━━━ Supplied material ━━━

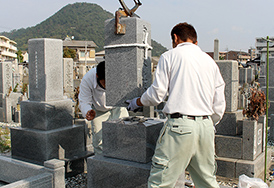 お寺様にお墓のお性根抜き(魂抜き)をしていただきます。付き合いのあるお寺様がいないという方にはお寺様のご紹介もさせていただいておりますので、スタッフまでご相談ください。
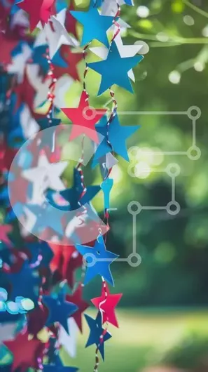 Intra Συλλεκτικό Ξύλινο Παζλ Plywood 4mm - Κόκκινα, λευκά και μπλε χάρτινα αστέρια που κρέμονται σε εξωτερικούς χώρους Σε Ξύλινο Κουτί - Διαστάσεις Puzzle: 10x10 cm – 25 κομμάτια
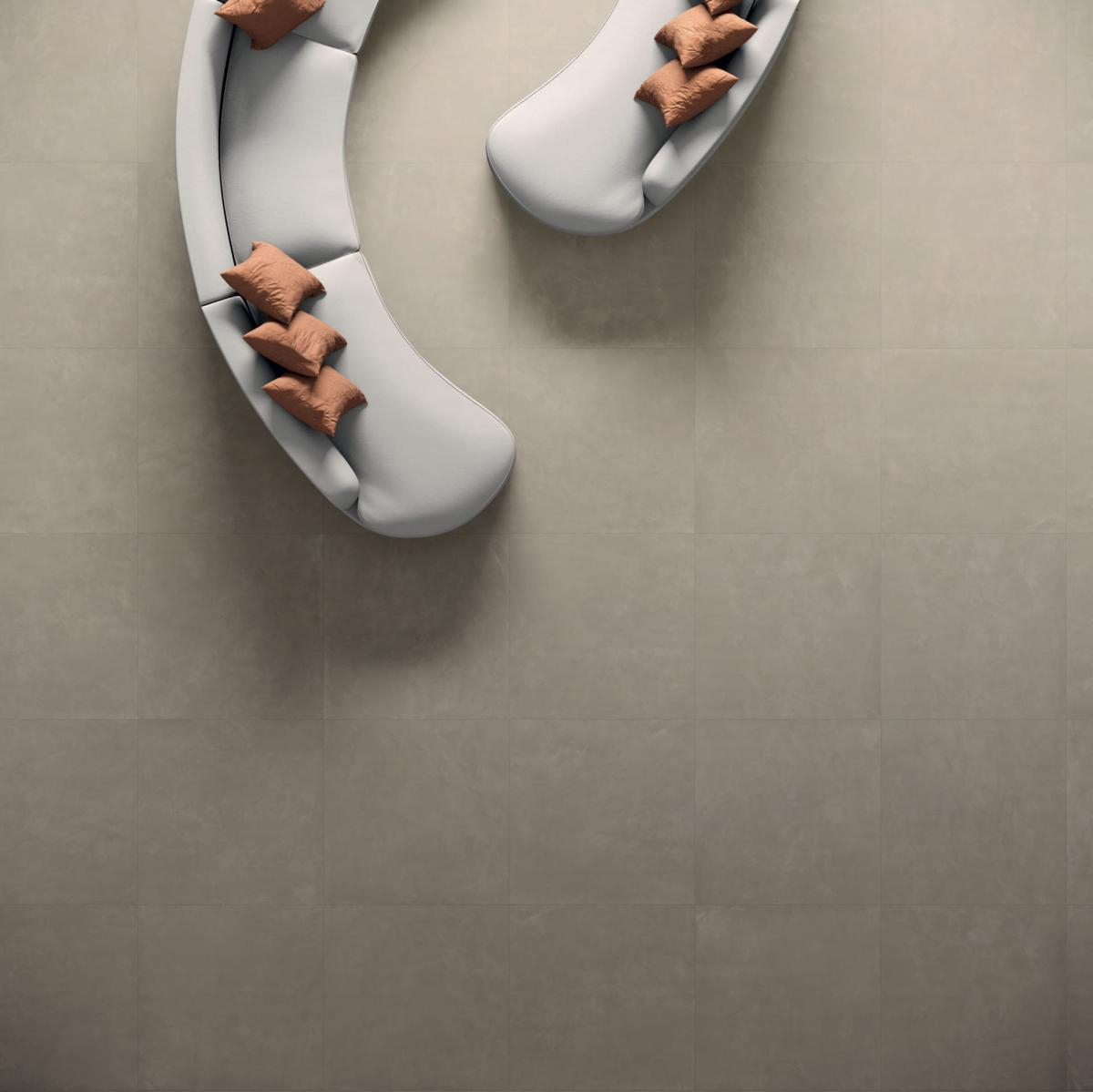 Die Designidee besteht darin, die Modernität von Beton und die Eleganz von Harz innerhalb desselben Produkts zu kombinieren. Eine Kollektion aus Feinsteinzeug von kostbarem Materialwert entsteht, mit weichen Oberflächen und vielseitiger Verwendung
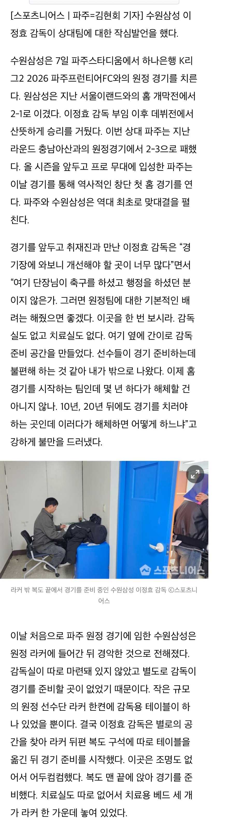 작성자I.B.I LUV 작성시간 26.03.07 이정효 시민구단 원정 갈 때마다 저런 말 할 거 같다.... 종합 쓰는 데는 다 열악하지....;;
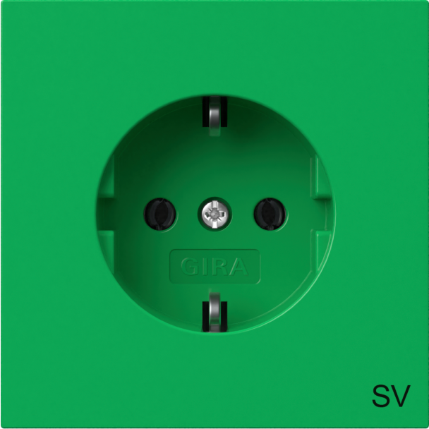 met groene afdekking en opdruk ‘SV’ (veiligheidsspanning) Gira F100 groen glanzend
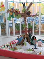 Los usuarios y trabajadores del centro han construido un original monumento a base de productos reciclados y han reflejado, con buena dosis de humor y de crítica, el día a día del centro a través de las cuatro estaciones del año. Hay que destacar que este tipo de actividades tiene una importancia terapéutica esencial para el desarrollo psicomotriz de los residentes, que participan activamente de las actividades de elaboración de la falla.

━━━

Exercise requirements » Using the data above, return the lines from the one holding "작성자I.B.I LUV 작성시간" through the one holding "met groene afdekking" exactly, but not the pictures.

Your solution »
 작성자I.B.I LUV 작성시간 26.03.07 이정효 시민구단 원정 갈 때마다 저런 말 할 거 같다.... 종합 쓰는 데는 다 열악하지....;;
 met groene afdekking en opdruk ‘SV’ (veiligheidsspanning) Gira F100 groen glanzend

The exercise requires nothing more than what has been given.